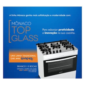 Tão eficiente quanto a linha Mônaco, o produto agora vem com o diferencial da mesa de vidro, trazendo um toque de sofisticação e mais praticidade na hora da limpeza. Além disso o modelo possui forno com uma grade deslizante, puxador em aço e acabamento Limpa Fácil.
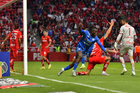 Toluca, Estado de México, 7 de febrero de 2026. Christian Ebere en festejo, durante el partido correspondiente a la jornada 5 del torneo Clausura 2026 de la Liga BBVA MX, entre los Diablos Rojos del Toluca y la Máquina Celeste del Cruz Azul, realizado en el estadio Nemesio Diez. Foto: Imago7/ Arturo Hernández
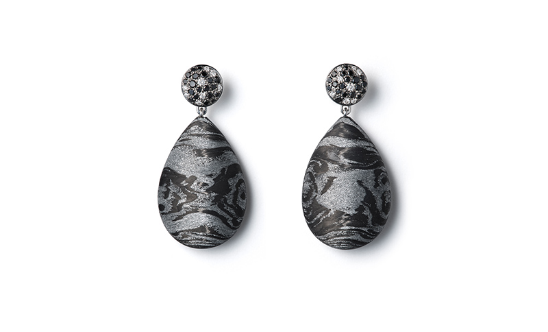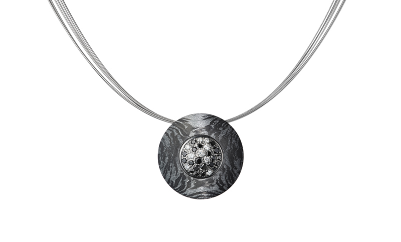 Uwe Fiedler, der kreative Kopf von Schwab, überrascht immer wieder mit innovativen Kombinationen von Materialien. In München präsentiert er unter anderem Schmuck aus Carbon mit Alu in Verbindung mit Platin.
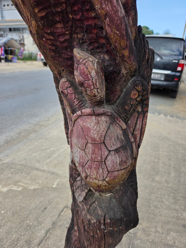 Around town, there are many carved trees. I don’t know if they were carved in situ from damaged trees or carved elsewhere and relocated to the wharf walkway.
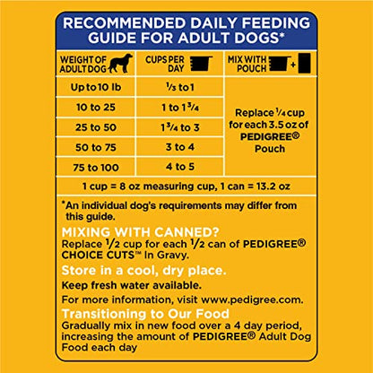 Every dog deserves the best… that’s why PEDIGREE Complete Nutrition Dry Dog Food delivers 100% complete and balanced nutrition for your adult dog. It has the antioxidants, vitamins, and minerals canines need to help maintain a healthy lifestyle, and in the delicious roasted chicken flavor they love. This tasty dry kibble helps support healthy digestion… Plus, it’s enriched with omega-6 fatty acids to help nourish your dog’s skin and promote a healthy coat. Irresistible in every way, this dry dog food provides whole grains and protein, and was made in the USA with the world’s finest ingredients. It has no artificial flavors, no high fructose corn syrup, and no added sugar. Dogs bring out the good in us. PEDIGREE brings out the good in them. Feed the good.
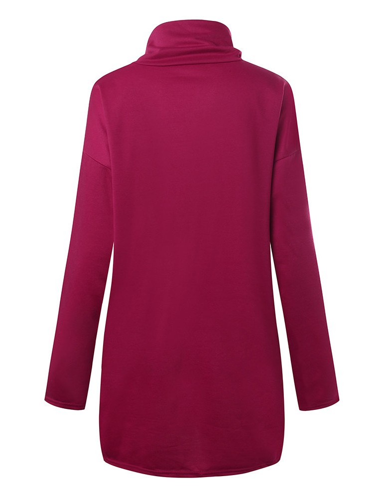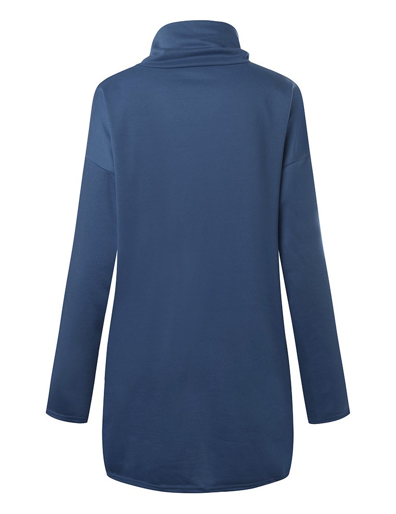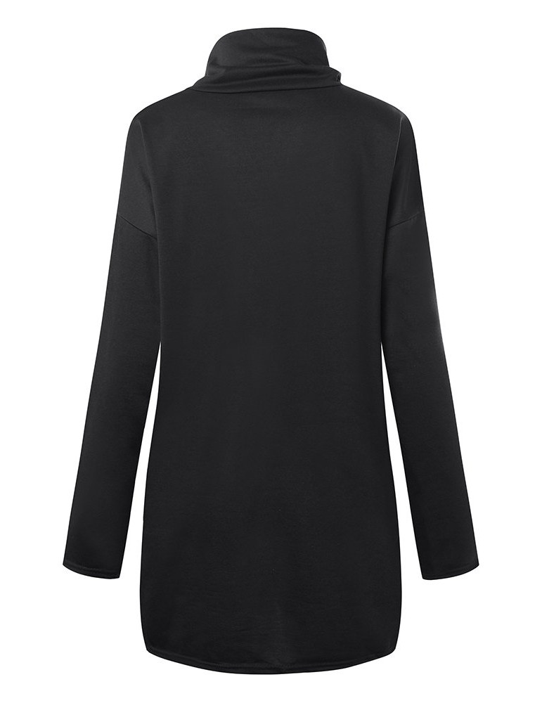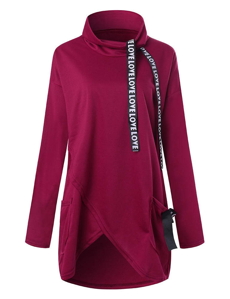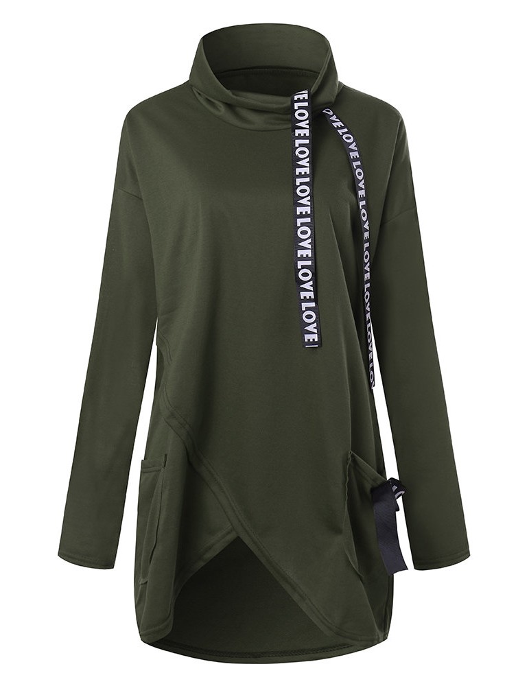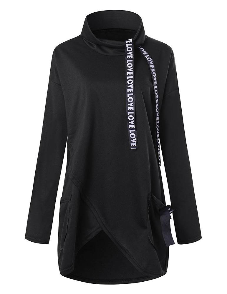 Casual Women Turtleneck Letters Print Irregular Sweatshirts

* Work instruction *
One exact copy of the data is required, and it should hold no pictures.

* Exercise response *
 Tão eficiente quanto a linha Mônaco, o produto agora vem com o diferencial da mesa de vidro, trazendo um toque de sofisticação e mais praticidade na hora da limpeza. Além disso o modelo possui forno com uma grade deslizante, puxador em aço e acabamento Limpa Fácil.
 Toluca, Estado de México, 7 de febrero de 2026. Christian Ebere en festejo, durante el partido correspondiente a la jornada 5 del torneo Clausura 2026 de la Liga BBVA MX, entre los Diablos Rojos del Toluca y la Máquina Celeste del Cruz Azul, realizado en el estadio Nemesio Diez. Foto: Imago7/ Arturo Hernández
 Uwe Fiedler, der kreative Kopf von Schwab, überrascht immer wieder mit innovativen Kombinationen von Materialien. In München präsentiert er unter anderem Schmuck aus Carbon mit Alu in Verbindung mit Platin.
 Around town, there are many carved trees. I don’t know if they were carved in situ from damaged trees or carved elsewhere and relocated to the wharf walkway.
 Every dog deserves the best… that’s why PEDIGREE Complete Nutrition Dry Dog Food delivers 100% complete and balanced nutrition for your adult dog. It has the antioxidants, vitamins, and minerals canines need to help maintain a healthy lifestyle, and in the delicious roasted chicken flavor they love. This tasty dry kibble helps support healthy digestion… Plus, it’s enriched with omega-6 fatty acids to help nourish your dog’s skin and promote a healthy coat. Irresistible in every way, this dry dog food provides whole grains and protein, and was made in the USA with the world’s finest ingredients. It has no artificial flavors, no high fructose corn syrup, and no added sugar. Dogs bring out the good in us. PEDIGREE brings out the good in them. Feed the good.
 Casual Women Turtleneck Letters Print Irregular Sweatshirts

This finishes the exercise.